Quelle: Irina Borsuchenko/shutterstock.com
Standort
Im Garten hätte die Kleine Traubenhyazinthe gerne einen lehmigen, aber gut durchlässigen Boden, der möglichst frisch sein sollte; er kann aber auch gerne längere Zeit etwas austrocknen, ohne dass die Zwiebelchen dann nicht mehr genug Wasser auftreiben könnten. Im Winter vertragen sie bis zu -34 °C.
Vermehrung
Kleine Traubenhyazinthe vermehrt sich selbst im Gegensatz zur Verwandtschaft nicht mit Tochterzwiebeln, sondern mit reichlich gebildeten Samen. Du kannst die sich mit Selbstaussaat vergrößernden Bestände ab und zu teilen, sobald sie zu groß werden, und die Samen keimen recht zuverlässig.
Verwendung
Frühblüher wie die Kleine Traubenhyazinthe lassen sich im Garten vielfältig im niedrigen Vordergrund von Blumenbeeten und Staudenbeeten oder im Steingarten einsetzen; auch auf Balkon und Terrasse machen sie mit ihren hübschen Blüten in Kästen und Kübeln eine gute Figur.
Schädlinge
Schädlinge und Krankheiten sind bei der Kleinen Traubenhyazinthe eher selten; vor allem bei unzuträglichen Bedingungen wie Überdüngung oder zu feuchter Erde können sie anfällig für Pilzerkrankungen werden. Die gute Nachricht: Schnecken mögen sie nicht so besonders.
Ökologie

Quelle: Thijs de Graaf/shutterstock.com
- Als Bestäuber kommen vor allem Honigbienen und Hummeln, um sich den frühjährlichen Nektar zu holen.
- Den Pollen akquirieren auch Wildbienen aus den kleinen Glöckchen, insbesondere die Gewöhnliche Schmalbiene Lasioglossum calceatum, die bei uns noch relativ häufig zu sehen ist.
- Die nickenden Glöckchen schützen nicht nur das Innere der Blüten vor Feuchtigkeit, sondern helfen bei der Reife auch bei der Ausbreitung: Fallen Regentropfen darauf, so werden die Samen im Inneren davongeschleudert und mit dem Wasser weitertransportiert. Ähnlich funktioniert das mit dem Herausschütteln auch mit dem Wind.
Wissenswertes
- Alla turca war nicht nur in der Musik modern, sondern auch in der Botanik: Die Kleine Traubenhyazinthe wurde in Europa in der Blütezeit des Osmanischen Reiches im 16. und 17. Jahrhundert bekannt und ebenso wie Tulpen, Narzissen und andere Hyazinthengewächse in Mitteleuropa eingeführt.
- Als sogenannte Stinsenpflanzen sind sie ausgewildert und bis heute stellenweise eingebürgert in der Wildnis zu finden. Die Bezeichnung kommt aus dem Friesischen und bezeichnet Steinhäuser, die seinerzeit den besser gestellten Familien vorbehalten waren: Die Häuser verschwanden, aber die Zierpflanzen in den Gärten blieben und haben sich nur begrenzt in der weiteren Umgebung verteilt.
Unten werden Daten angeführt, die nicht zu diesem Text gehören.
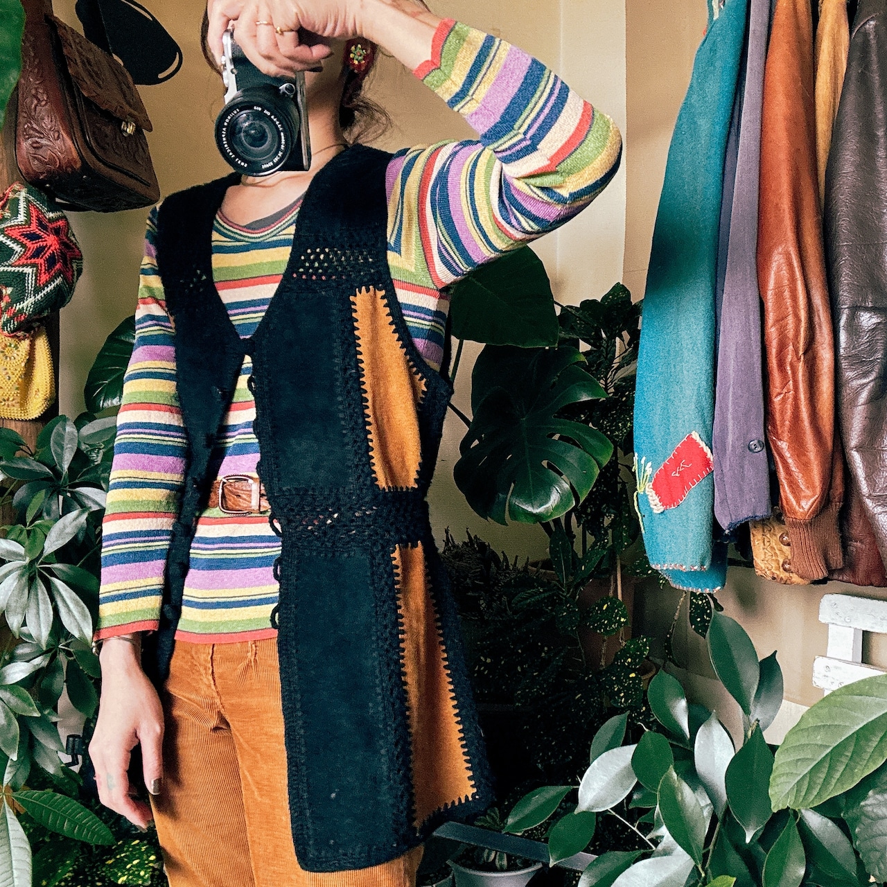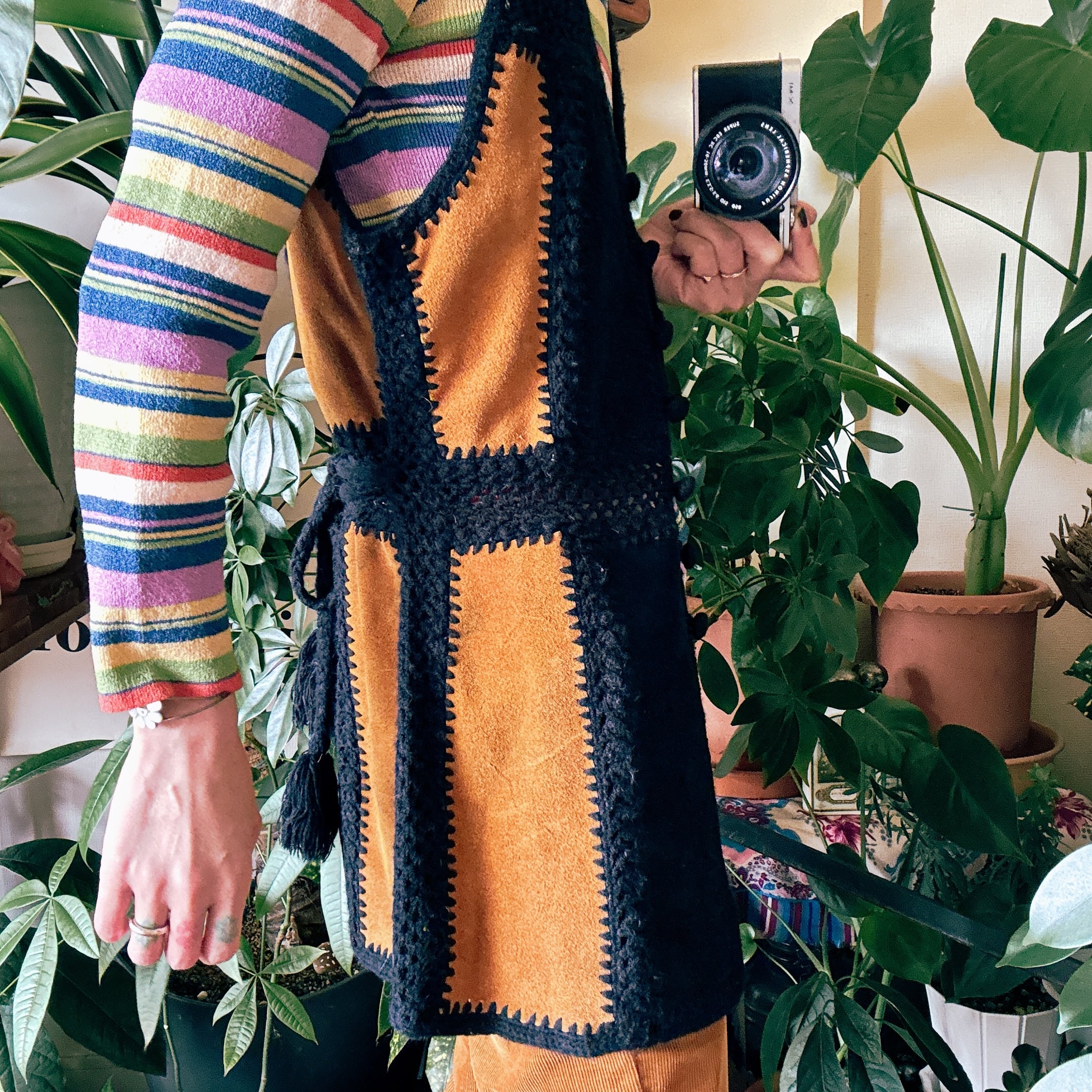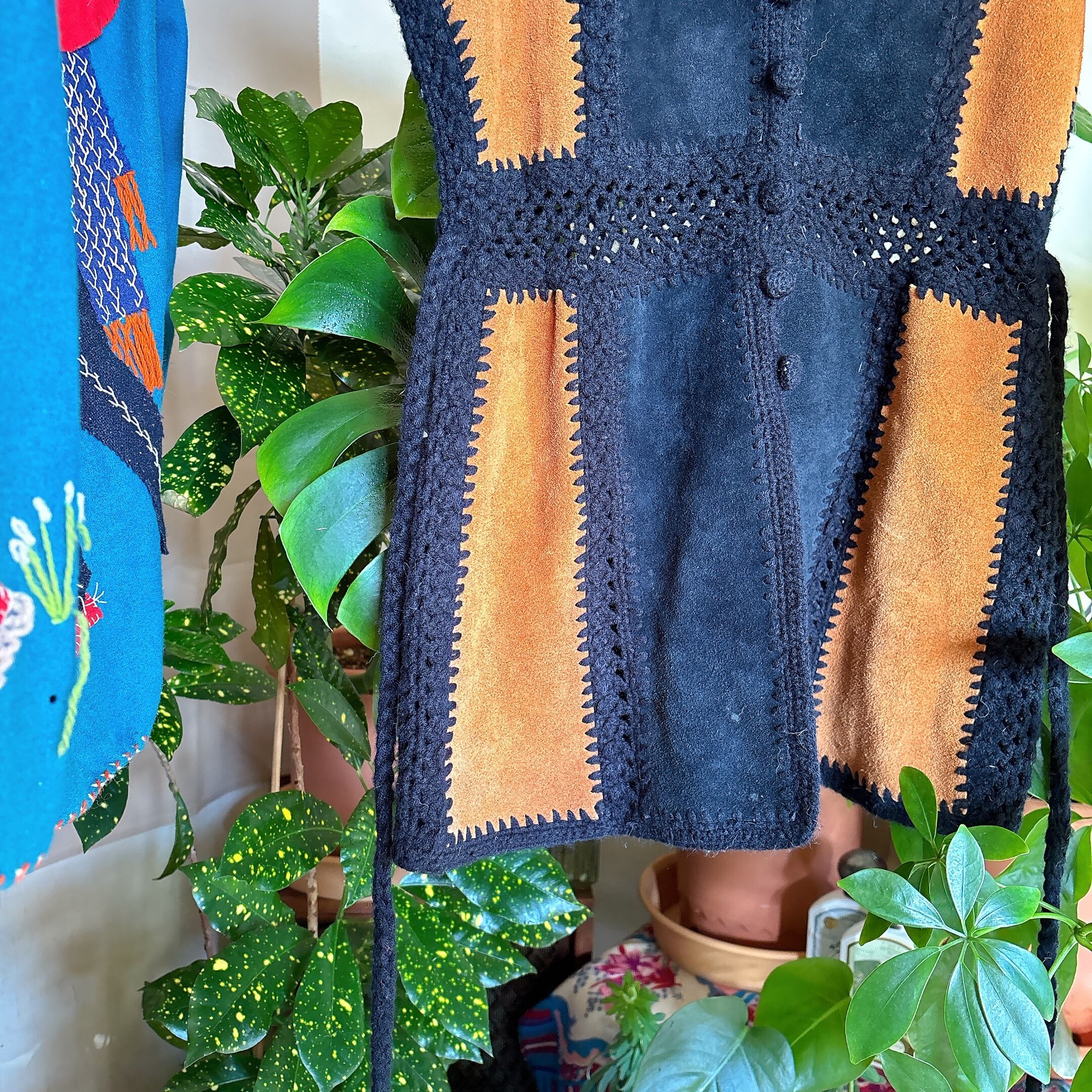 ◾️70s Shana Lee スエード レザー クロシェ切り替え パッチワーク ベスト

- Die Pflanzen enthalten Glykoside, waren aber als Heilpflanzen nie besonders angesagt.
- Muscari kommt übrigens vom lateinischen muscarium für Moschus; bei dieser Art fehlt allerdings der bei anderen Traubenhyazinthen übliche Geruch. Der Artname botryioides bedeutet traubenartig.